| Assignment |
Output the records below verbatim, minus the pictures.
··· Task data
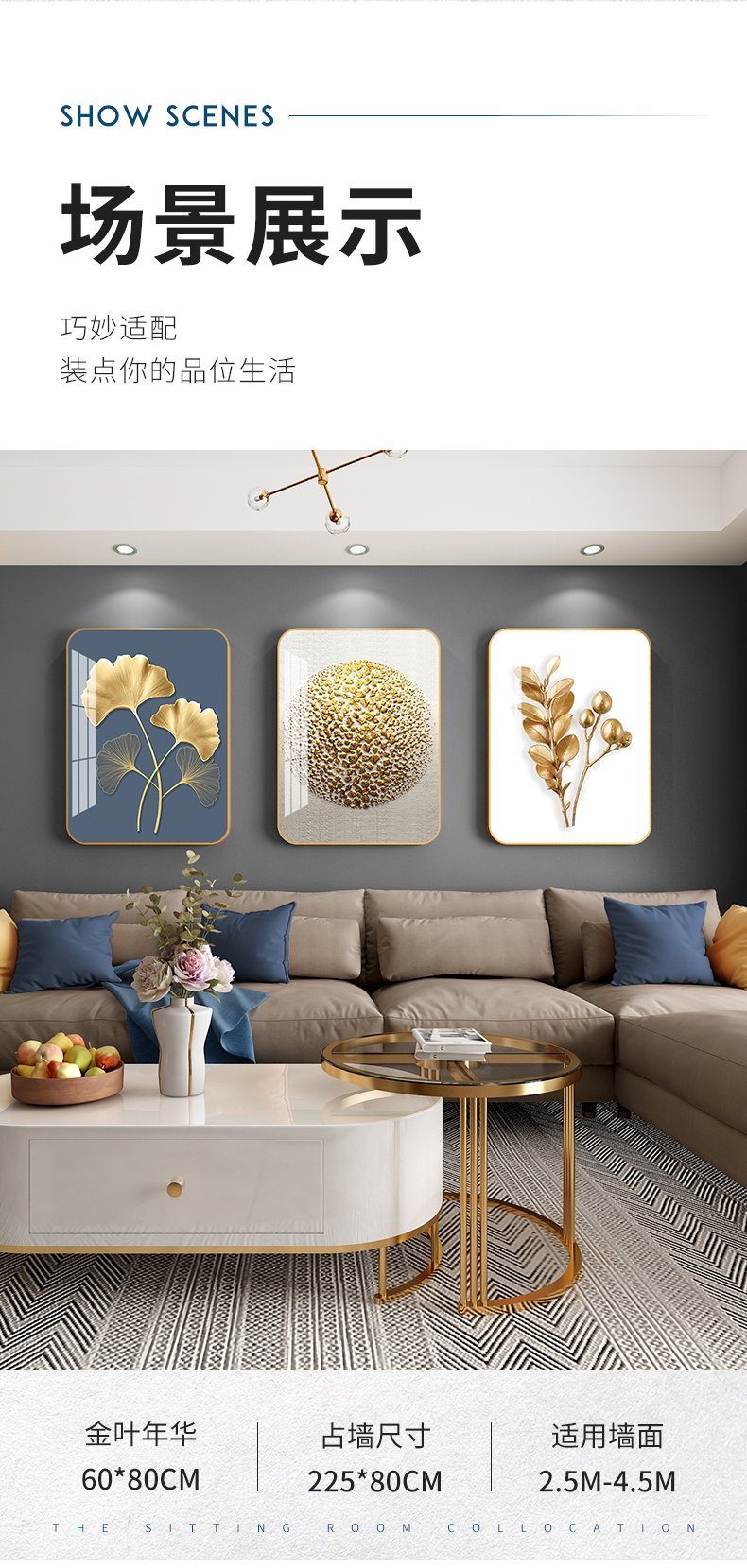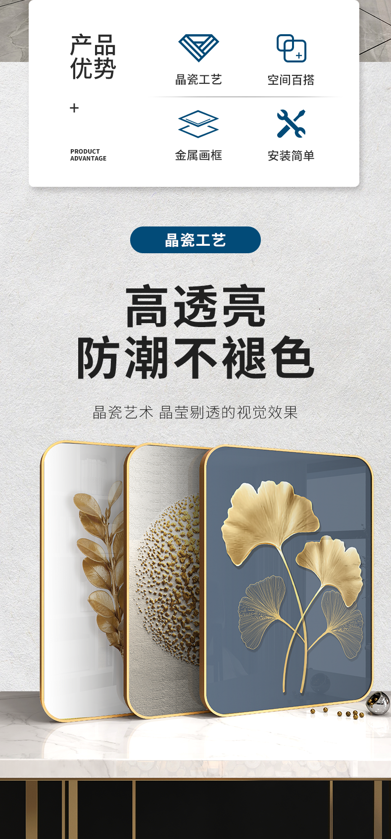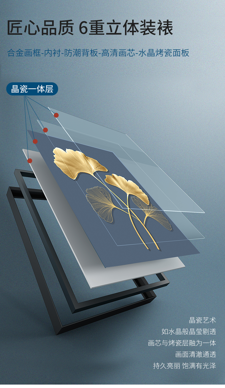 紀恒ふんわりとした高品位装飾画リビングソファの背景壁掛画現代シンプルなスタイルの家軟装別荘水晶焼磁壁画晶磁画北欧壁画金葉年華--金枠-新型円角組40*60 cm(2 mぐらいのソファーに適しています)
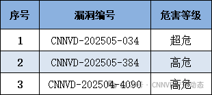 根据国家信息安全漏洞库(CNNVD)统计,本周(2025年4月28日至2025年5月4日)安全漏洞情况如下:
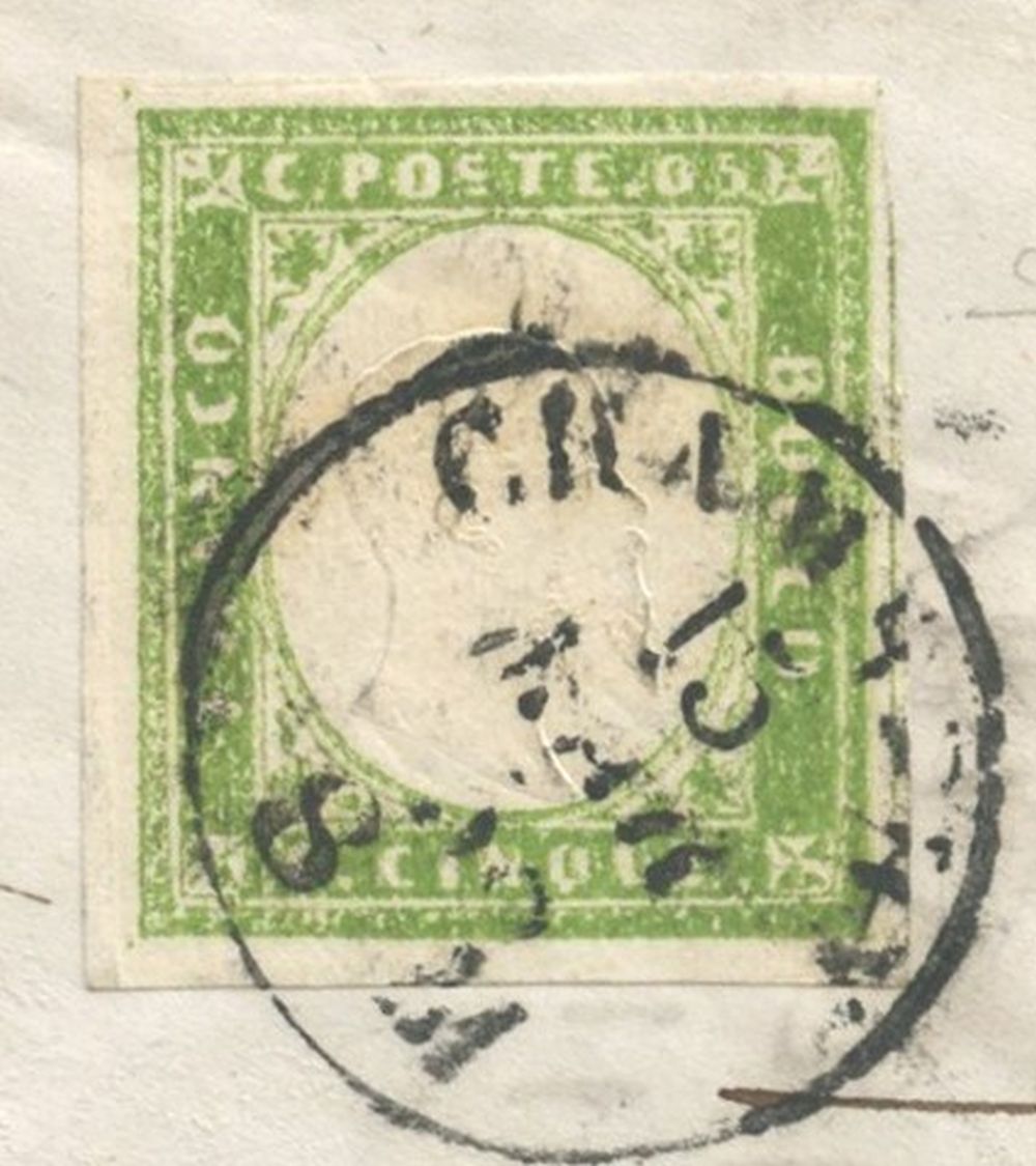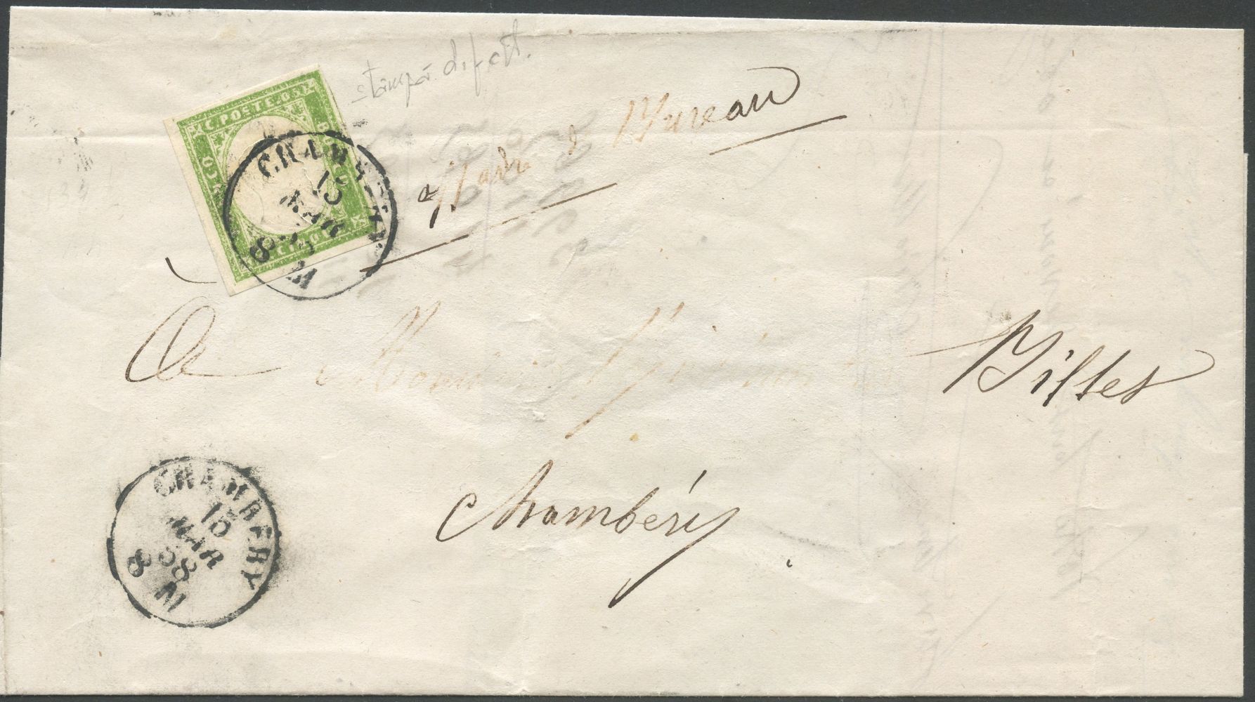 15.03.1858 - Lettera da Chambery per città affrancata tramite un 5 cent. verde giallo stampa difettosa n.13Ah. (A+)
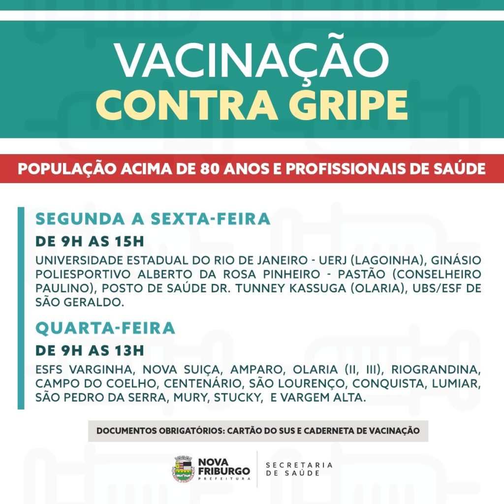 A Secretaria Municipal de Saúde, através da Coordenação de Imunização, iniciará a vacinação anual contra a Influenza em Nova Friburgo na próxima semana. A campanha contra a gripe tem início no dia 04 de abril, conforme o Ministério da Saúde preconiza.
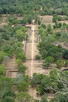 Sigiriya[3][4][5][6] consiste en un antiguo complejo construido por el rey Kasyapa durante el siglo V d. C. El sitio de Sigiriya contiene ruinas de un palacio situado en la parte superior de los roqueríos, una terraza de medio nivel que incluye la Puerta del León y el muro de espejo con sus frescos, el palacio inferior, que se interna bajo la roca, además de los fosos, muros y jardines que se extienden por cientos de metros desde la base de la roca.[2]
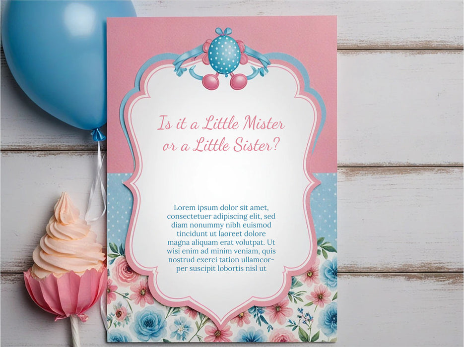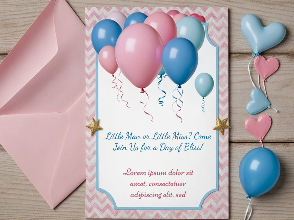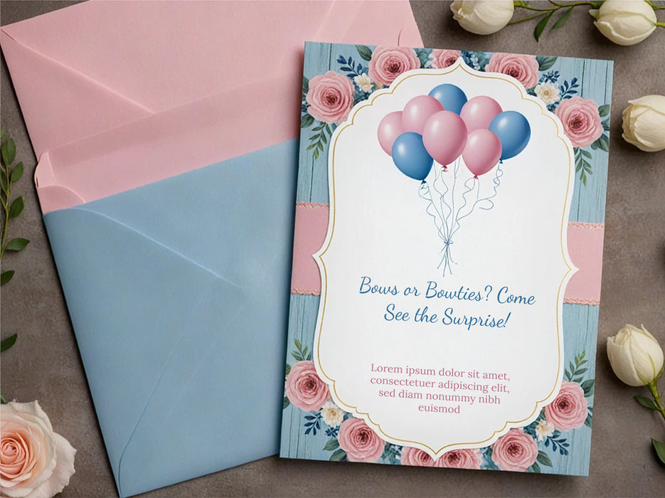 Create and print custom Gender Reveal Invitations online to share your exciting news in style! Choose from fun, elegant, or playful designs, personalize with your event details, and enjoy high-quality printing for a memorable reveal. Perfect for setting the tone for your special moment — with easy ordering and fast delivery!
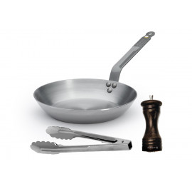 Один из топовых французских брендов de Buyer. Давно мечтала купить себе сковороду и посуду от этого производителя, и вот мечта сбылась. Готовить мясо и стейки одно удовольствие, ничего не пригорает. Мясо получается сочное и вкусное. Сковорода весьма легкая, поэтому управляться ею просто. Подходит для всех типов поверхностей. В комплекте также была мельница и щипцы, которые также сделаны на совесть) .
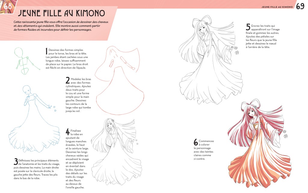 Cette approche est réellement intéressante puisqu’elle rend ces ouvrages interactifs. Il est possible de mettre en pratique immédiatement les “leçons”, et ce dans l’ouvrage même. De nombreux “Trucs et astuces” ou “Trucs d’artiste” très utiles parsèment les deux livres, et quand bien même le contenu reste plus “léger” que celui d’une méthode de dessin plus classique, comme How to Draw Manga, par exemple, il offre une approche très sympathique dans le cadre d’une première expérience en dessin. Des aides sont pré dessinées dans ces pages d’exercices. Des squelettes de poses qui simplifient la tâche du dessinateur, surtout en ce qui concerne les mouvements et le respect des proportions.
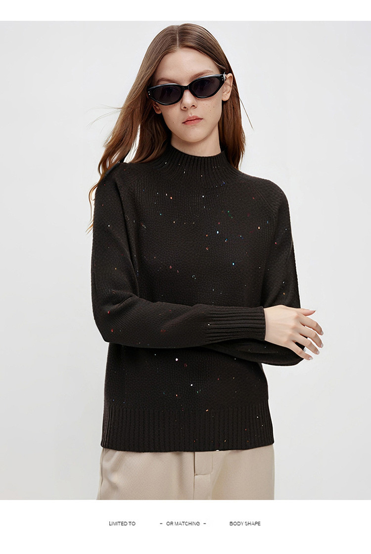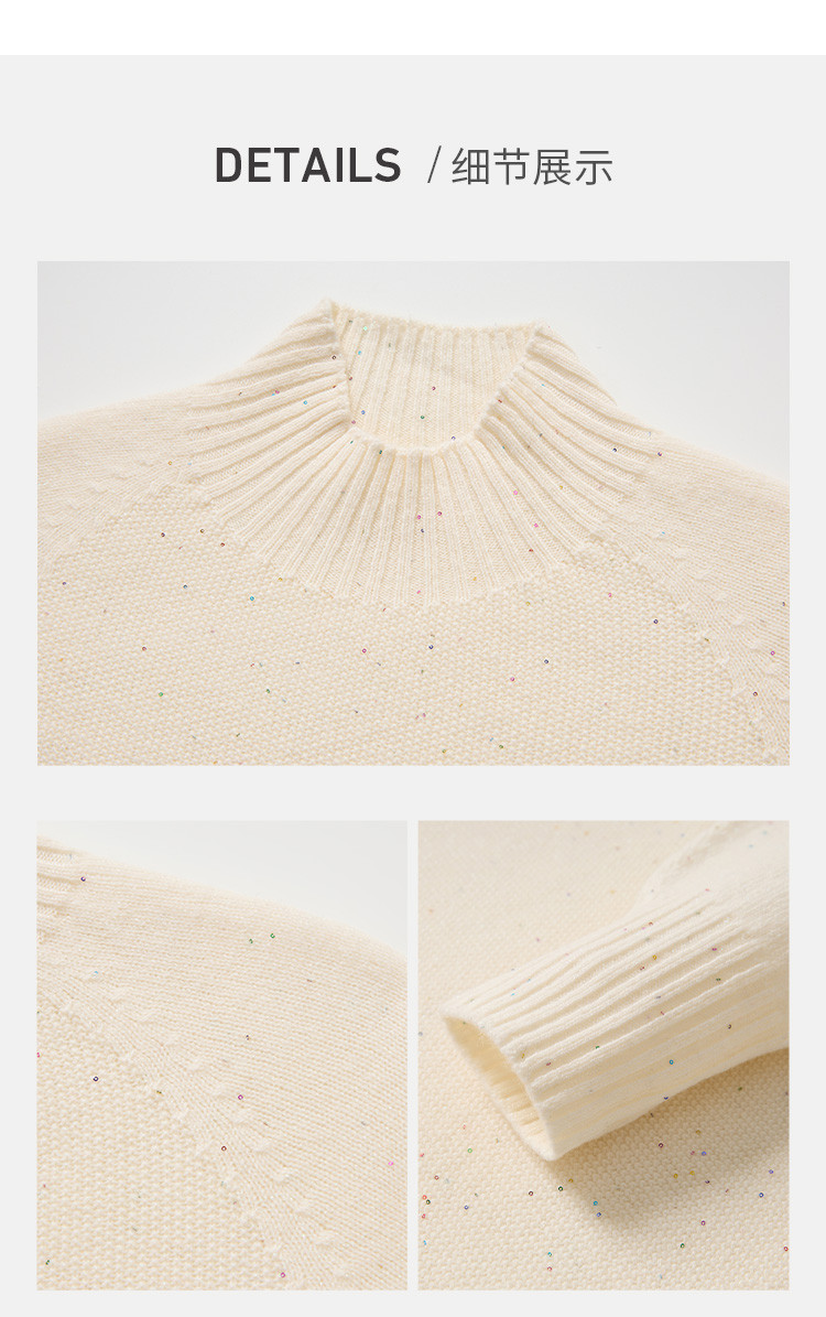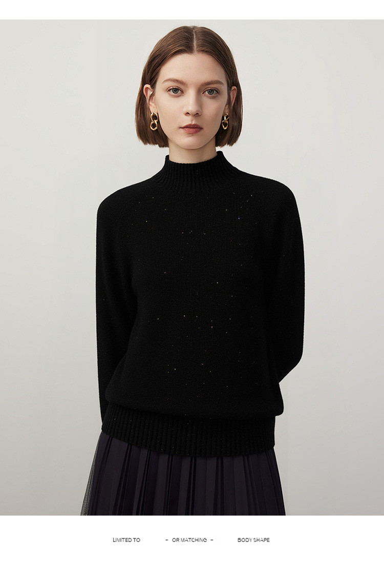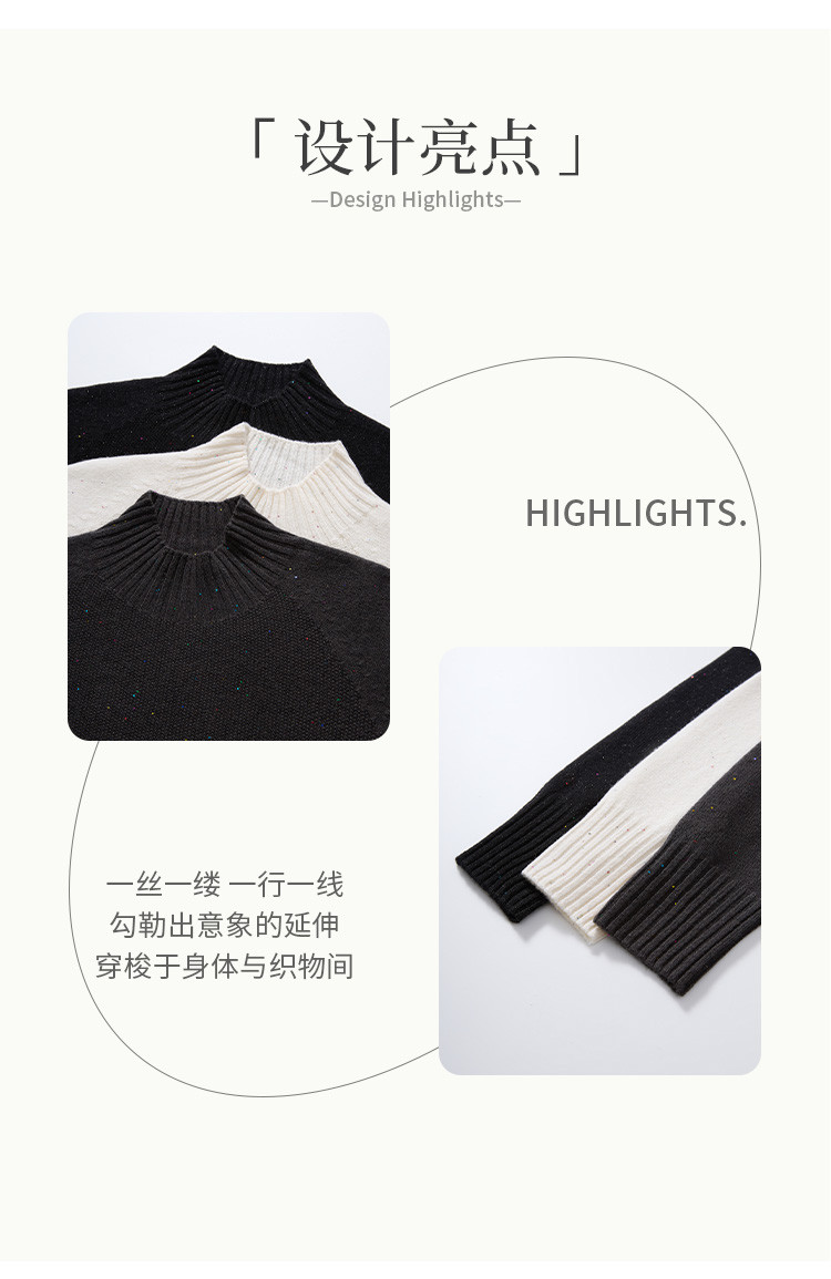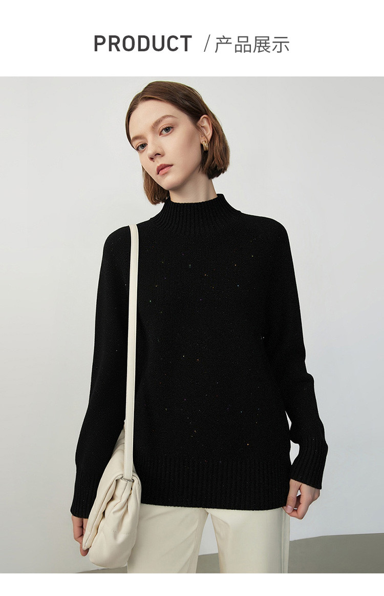 罗蒙秋冬女士半高领金丝套头羊毛衫百搭显瘦针织衫舒适打底衫上衣
······
| Finished task |
 紀恒ふんわりとした高品位装飾画リビングソファの背景壁掛画現代シンプルなスタイルの家軟装別荘水晶焼磁壁画晶磁画北欧壁画金葉年華--金枠-新型円角組40*60 cm(2 mぐらいのソファーに適しています)
 根据国家信息安全漏洞库(CNNVD)统计,本周(2025年4月28日至2025年5月4日)安全漏洞情况如下:
 15.03.1858 - Lettera da Chambery per città affrancata tramite un 5 cent. verde giallo stampa difettosa n.13Ah. (A+)
 A Secretaria Municipal de Saúde, através da Coordenação de Imunização, iniciará a vacinação anual contra a Influenza em Nova Friburgo na próxima semana. A campanha contra a gripe tem início no dia 04 de abril, conforme o Ministério da Saúde preconiza.
 Sigiriya[3][4][5][6] consiste en un antiguo complejo construido por el rey Kasyapa durante el siglo V d. C. El sitio de Sigiriya contiene ruinas de un palacio situado en la parte superior de los roqueríos, una terraza de medio nivel que incluye la Puerta del León y el muro de espejo con sus frescos, el palacio inferior, que se interna bajo la roca, además de los fosos, muros y jardines que se extienden por cientos de metros desde la base de la roca.[2]
 Create and print custom Gender Reveal Invitations online to share your exciting news in style! Choose from fun, elegant, or playful designs, personalize with your event details, and enjoy high-quality printing for a memorable reveal. Perfect for setting the tone for your special moment — with easy ordering and fast delivery!
 Один из топовых французских брендов de Buyer. Давно мечтала купить себе сковороду и посуду от этого производителя, и вот мечта сбылась. Готовить мясо и стейки одно удовольствие, ничего не пригорает. Мясо получается сочное и вкусное. Сковорода весьма легкая, поэтому управляться ею просто. Подходит для всех типов поверхностей. В комплекте также была мельница и щипцы, которые также сделаны на совесть) .
 Cette approche est réellement intéressante puisqu’elle rend ces ouvrages interactifs. Il est possible de mettre en pratique immédiatement les “leçons”, et ce dans l’ouvrage même. De nombreux “Trucs et astuces” ou “Trucs d’artiste” très utiles parsèment les deux livres, et quand bien même le contenu reste plus “léger” que celui d’une méthode de dessin plus classique, comme How to Draw Manga, par exemple, il offre une approche très sympathique dans le cadre d’une première expérience en dessin. Des aides sont pré dessinées dans ces pages d’exercices. Des squelettes de poses qui simplifient la tâche du dessinateur, surtout en ce qui concerne les mouvements et le respect des proportions.
 罗蒙秋冬女士半高领金丝套头羊毛衫百搭显瘦针织衫舒适打底衫上衣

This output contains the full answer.